The timing of the legislation’s collapse also highlights the challenges of creating effective regulatory frameworks in a rapidly evolving technological landscape. With less than 24 hours between the introduction of critical amendments and the scheduled committee vote, industry stakeholders had minimal opportunity to analyze the implications or propose alternative solutions that might have preserved the bill’s original intent while addressing legitimate regulatory concerns.
Path Forward Remains Uncertain But Hope Persists
Despite the apparent breakdown in consensus, industry insiders remain surprisingly optimistic that meaningful cryptocurrency legislation can still pass before the November midterm elections. Calvert herself expressed confidence that the banking bill can get “back on track” with appropriate revisions, while also praising a separate draft from the Agriculture Committee that would give the Commodity Futures Trading Commission (CFTC) critical authority over spot markets for digital assets.
“This setback doesn’t mean the end of cryptocurrency regulation this session,” noted one industry analyst who requested anonymity to speak candidly about ongoing negotiations. “There’s still strong bipartisan interest in establishing clear rules of the road for digital assets. What happened here was a specific bill with specific problems, not a rejection of the regulatory project as a whole.”
Political observers point out that the upcoming midterm elections create both urgency and complications for cryptocurrency legislation. On one hand, lawmakers on both sides of the aisle are eager to demonstrate progress on high-profile economic issues before facing voters.
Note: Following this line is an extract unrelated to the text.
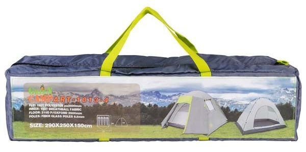 В палатку Green Camp 1013 свободно помещаются четверо взрослых людей, также при желании можно уместить 5-го человека. Палатка имеет в наличии одно спальное просторное отделение и небольшой тамбур перед входом в котором можно хранить посуду, личные вещи, спрятать обувь от дождя. Палатка проветривается при помощи циркуляции воздуха внутри помещения, что обеспечивается двумя клапанами для вентиляции. В палатке также есть два окна, которые оснащены москитной сеткой для защиты от комаров, мошкары и других мелких насекомых, окна с внешней стороны закрываются с помощью замочков. Швы палатки прошиты и проклеены.

On the other hand, increasingly partisan dynamics as elections approach may make consensus-building more difficult, especially on technically complex issues like cryptocurrency regulation.
Broader Implications for the Future of Financial Innovation
The collapse of this particular legislative effort underscores the difficulty of balancing consumer protection, innovation, and competitiveness in the rapidly evolving digital asset space. As cryptocurrency platforms increasingly offer services that resemble traditional banking functions while operating on fundamentally different technological infrastructure, policymakers face the challenge of applying existing regulatory frameworks to novel business models without stifling the very innovations that make these platforms attractive.
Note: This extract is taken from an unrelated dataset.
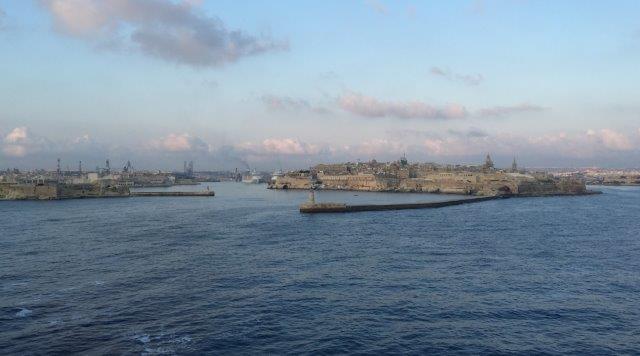 Valetta harbour is tiny and extraordinarily busy. You can see the whole harbour here behind the breakwaters. We went in and parked between those two big cruise ships.

“What’s at stake here is not just the future of cryptocurrency, but the future of financial services more broadly,” explained a financial technology researcher at a prominent Washington think tank. “The question is whether our regulatory approach will accommodate new models that potentially offer greater efficiency and consumer benefits, or whether it will primarily serve to protect incumbent institutions from disruptive competition.”
For Coinbase and other major cryptocurrency platforms, the episode highlights both their growing political sophistication and the challenges they face in navigating Washington’s complex policy ecosystem. By withdrawing support for legislation they had previously backed, these companies demonstrated both their increased willingness to take definitive policy positions and their ability to influence the legislative process – developments that signal the industry’s ongoing maturation from regulatory outsider to significant financial player.
As lawmakers return to the drawing board, the cryptocurrency industry’s stance is clear: regulation is welcome and necessary, but only if it protects consumers while allowing innovation to flourish. Whether Congress can craft legislation that meets these criteria before voters go to the polls remains one of the most consequential open questions in financial regulation today.